Saramago (ár. سارماق ‘sarmaq‘ – mas essa denominação em árabe é aplicada para outras plantas, em especial da família das Amaranthaceae [1,2]), rábano-silvestre, nabiço ou cabresto (Raphanus raphanistrum L.), espécie selvagem da qual procedem os rábanos cultivados. Esp. rabanillo, fr. ravenelle, ing. wild radish. Planta amarga a que os interioranos de Portugal se voltavam em tempos de safras magras. O pai de José Saramago chamava-se José de Sousa e – por motivos um tanto discutidos – acrescentou a alcunha de Saramago (algumas fontes dizem que se tratava de um epíteto insultoso; outras, que foi uma autodenominação voluntária). [3]

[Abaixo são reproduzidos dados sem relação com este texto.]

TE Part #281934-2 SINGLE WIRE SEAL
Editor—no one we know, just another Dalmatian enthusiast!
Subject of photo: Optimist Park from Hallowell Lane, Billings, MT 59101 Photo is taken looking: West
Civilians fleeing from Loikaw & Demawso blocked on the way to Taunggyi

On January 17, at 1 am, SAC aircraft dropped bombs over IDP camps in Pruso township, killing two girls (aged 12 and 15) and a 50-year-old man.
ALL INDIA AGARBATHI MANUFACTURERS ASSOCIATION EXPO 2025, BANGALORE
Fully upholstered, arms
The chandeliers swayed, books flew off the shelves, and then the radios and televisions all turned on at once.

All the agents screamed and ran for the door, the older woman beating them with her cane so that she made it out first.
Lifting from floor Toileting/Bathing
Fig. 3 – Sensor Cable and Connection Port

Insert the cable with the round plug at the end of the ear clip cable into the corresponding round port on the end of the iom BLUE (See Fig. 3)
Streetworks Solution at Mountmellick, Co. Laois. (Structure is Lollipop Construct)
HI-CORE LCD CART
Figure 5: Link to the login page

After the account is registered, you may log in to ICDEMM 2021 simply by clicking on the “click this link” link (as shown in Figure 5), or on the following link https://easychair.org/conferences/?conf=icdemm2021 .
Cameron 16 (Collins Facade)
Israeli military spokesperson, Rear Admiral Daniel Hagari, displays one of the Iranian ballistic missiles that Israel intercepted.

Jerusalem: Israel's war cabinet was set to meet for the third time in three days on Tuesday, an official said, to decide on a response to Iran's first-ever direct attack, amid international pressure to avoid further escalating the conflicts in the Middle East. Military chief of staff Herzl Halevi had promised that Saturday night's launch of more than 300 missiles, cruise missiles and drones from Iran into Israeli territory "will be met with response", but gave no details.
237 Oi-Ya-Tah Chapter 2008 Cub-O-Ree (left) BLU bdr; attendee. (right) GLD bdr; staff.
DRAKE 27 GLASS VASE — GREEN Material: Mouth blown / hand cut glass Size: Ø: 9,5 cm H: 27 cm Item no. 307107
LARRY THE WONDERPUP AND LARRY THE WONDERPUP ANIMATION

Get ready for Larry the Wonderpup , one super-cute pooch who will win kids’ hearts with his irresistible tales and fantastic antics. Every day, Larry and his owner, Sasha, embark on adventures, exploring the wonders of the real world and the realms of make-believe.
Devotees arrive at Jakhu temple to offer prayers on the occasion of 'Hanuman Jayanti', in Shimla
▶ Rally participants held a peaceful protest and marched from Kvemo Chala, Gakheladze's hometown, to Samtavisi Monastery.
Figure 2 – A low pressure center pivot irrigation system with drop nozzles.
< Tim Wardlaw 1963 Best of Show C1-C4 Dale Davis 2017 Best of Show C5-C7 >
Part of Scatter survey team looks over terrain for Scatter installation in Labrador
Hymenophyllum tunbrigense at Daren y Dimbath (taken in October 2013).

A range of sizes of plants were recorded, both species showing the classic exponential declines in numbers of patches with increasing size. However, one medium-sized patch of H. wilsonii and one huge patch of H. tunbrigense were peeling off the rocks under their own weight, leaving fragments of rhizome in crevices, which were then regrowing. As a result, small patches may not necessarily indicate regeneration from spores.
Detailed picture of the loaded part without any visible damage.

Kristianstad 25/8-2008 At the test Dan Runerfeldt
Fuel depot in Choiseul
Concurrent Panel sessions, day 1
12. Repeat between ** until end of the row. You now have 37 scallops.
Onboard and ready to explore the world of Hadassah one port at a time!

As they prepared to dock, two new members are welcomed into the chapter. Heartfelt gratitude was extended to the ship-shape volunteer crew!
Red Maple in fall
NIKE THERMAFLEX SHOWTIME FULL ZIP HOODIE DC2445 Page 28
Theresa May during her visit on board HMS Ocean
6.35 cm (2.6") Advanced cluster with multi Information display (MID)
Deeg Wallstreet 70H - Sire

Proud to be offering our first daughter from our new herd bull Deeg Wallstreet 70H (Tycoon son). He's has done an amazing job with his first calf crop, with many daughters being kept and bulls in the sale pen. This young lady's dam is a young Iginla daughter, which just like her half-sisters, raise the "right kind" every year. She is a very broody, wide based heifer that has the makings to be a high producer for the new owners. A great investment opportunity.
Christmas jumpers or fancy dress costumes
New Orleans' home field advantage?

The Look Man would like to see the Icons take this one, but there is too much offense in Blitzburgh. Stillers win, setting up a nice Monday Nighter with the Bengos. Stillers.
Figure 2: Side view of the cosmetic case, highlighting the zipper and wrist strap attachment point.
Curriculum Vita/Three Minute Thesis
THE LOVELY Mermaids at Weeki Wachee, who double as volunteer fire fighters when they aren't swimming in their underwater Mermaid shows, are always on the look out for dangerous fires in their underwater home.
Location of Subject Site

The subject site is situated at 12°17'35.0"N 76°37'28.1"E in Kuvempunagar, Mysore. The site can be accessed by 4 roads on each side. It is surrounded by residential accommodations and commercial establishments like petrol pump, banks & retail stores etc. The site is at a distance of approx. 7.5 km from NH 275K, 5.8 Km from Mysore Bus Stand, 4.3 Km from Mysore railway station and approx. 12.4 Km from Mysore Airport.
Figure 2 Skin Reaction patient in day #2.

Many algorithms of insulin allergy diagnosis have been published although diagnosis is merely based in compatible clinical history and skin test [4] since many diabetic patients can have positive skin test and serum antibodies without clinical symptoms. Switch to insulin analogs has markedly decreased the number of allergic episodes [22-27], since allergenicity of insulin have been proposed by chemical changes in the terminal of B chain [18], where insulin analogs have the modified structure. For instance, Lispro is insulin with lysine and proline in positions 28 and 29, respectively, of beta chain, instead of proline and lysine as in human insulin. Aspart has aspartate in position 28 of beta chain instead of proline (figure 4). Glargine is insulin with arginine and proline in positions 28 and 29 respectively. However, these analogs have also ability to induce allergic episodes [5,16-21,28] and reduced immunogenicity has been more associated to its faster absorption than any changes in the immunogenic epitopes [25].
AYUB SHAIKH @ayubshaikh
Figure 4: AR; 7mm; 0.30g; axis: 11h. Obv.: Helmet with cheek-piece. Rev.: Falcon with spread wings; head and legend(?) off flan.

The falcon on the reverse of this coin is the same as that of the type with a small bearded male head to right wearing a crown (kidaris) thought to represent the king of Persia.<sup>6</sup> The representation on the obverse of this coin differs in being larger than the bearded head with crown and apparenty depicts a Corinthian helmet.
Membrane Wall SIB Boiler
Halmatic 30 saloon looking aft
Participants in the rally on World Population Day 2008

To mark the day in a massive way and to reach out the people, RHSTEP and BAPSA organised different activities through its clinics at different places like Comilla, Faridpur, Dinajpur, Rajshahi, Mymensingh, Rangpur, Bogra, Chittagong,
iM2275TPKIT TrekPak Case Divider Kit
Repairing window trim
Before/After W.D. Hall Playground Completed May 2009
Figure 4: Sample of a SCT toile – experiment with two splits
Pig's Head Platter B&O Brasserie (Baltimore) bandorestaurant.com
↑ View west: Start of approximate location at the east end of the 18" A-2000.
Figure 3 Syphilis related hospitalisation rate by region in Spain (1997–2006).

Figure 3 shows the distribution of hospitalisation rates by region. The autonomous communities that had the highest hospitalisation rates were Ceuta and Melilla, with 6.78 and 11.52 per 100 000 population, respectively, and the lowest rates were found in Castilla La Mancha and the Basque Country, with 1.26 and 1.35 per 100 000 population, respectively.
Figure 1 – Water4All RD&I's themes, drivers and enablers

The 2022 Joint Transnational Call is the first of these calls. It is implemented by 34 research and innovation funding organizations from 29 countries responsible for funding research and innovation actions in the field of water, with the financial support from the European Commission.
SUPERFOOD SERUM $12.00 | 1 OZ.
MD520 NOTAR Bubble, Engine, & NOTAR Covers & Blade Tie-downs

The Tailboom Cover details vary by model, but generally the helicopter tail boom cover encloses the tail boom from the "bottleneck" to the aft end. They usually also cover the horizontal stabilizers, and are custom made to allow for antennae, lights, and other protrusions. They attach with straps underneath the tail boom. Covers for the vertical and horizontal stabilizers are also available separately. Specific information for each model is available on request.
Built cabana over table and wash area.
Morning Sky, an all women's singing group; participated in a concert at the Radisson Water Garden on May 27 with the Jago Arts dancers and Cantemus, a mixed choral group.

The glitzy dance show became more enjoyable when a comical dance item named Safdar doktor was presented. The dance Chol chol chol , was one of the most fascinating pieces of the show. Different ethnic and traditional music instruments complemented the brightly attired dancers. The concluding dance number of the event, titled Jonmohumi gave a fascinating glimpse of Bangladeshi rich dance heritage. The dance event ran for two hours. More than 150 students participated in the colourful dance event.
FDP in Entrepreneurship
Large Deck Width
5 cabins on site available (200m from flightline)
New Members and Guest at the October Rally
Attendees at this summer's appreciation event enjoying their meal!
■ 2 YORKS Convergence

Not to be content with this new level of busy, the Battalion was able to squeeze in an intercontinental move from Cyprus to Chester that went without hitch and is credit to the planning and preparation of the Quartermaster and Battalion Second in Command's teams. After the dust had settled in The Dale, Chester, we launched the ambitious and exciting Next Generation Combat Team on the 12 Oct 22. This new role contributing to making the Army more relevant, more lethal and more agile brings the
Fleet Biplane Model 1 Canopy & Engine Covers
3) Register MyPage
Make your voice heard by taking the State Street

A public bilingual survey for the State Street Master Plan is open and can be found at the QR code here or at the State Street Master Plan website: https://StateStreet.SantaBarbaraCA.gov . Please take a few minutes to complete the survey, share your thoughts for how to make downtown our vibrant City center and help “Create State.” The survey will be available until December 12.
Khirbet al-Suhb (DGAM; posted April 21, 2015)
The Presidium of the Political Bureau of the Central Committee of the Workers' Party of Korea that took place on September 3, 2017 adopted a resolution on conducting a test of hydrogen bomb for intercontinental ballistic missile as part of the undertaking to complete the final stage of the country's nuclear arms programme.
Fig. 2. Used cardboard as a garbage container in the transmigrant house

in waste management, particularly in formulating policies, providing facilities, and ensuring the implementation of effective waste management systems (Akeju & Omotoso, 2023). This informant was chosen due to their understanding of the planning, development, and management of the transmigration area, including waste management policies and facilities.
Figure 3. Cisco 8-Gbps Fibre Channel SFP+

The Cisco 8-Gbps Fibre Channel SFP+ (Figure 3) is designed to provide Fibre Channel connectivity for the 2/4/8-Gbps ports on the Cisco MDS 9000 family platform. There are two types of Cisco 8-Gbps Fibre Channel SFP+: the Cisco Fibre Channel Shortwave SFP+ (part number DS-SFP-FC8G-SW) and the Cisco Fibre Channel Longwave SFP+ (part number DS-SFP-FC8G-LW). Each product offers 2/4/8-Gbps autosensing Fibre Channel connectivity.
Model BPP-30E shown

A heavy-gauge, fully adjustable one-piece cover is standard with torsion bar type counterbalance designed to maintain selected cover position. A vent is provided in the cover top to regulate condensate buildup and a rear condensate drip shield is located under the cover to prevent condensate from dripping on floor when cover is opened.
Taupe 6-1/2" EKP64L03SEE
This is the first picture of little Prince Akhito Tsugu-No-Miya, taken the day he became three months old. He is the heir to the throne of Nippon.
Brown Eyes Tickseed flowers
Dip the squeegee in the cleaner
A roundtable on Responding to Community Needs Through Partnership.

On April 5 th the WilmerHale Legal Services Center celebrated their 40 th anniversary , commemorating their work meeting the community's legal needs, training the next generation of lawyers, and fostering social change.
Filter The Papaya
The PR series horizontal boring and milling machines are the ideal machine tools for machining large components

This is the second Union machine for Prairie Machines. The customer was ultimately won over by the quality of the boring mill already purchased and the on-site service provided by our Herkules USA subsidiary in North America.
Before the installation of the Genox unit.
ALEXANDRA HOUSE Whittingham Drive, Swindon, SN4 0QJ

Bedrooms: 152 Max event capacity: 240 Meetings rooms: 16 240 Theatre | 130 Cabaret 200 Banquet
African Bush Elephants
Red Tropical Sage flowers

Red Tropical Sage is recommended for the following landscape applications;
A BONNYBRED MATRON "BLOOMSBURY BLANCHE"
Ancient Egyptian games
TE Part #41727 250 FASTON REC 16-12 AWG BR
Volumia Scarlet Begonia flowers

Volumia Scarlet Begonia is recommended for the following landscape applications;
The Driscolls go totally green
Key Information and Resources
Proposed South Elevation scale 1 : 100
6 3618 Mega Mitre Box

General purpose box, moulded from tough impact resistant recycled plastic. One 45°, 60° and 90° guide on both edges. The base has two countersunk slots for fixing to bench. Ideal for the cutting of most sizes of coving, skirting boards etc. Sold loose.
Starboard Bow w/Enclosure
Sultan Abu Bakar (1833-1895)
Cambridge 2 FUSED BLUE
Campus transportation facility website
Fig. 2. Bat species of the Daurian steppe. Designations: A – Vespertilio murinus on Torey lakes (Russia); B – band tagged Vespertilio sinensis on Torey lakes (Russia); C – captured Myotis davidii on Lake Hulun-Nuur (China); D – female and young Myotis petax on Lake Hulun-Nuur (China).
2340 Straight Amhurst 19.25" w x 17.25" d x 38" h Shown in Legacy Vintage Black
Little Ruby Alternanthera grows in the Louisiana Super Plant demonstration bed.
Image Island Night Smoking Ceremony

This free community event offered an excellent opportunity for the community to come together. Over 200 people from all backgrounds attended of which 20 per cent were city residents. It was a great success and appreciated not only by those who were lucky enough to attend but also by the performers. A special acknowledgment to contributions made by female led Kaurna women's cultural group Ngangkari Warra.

Em “Pequenas Memórias”, o nobelista descreve o registro de seu nome:
“Que esse Saramago não era um apelido do lado paterno, mas sim a alcunha por que a família era conhecida na aldeia. Que indo o meu pai a declarar no Registo Civil da Golegã o nascimento do seu segundo filho, sucedeu que o funcionário (chamado ele Silvino) estava bêbado (por despeito, disso o acusaria sempre meu pai) e que, sob os efeitos do álcool e sem que ninguém se tivesse apercebido da onomástica fraude, decidiu por conta e risco acrescentar Saramago ao lacônico José de Sousa que o meu pai pretendia que eu fosse.” [Nota: em Portugal, “apelido” tem o significado de “sobrenome”; no Brasil, é o mesmo que “alcunha”.]
E ele acrescentou o sal na amargura da vida.
Referências
[1] R.A. Blackelock. 1950. The Rustam Herbarium, ‘Iraq. Part IV.
[2] J. Aquilina. 1973. Maltese Plant Names.
[3] José Saramago. Autobiography.
*Todos os nomes, nome do romance de José Saramago de 1997.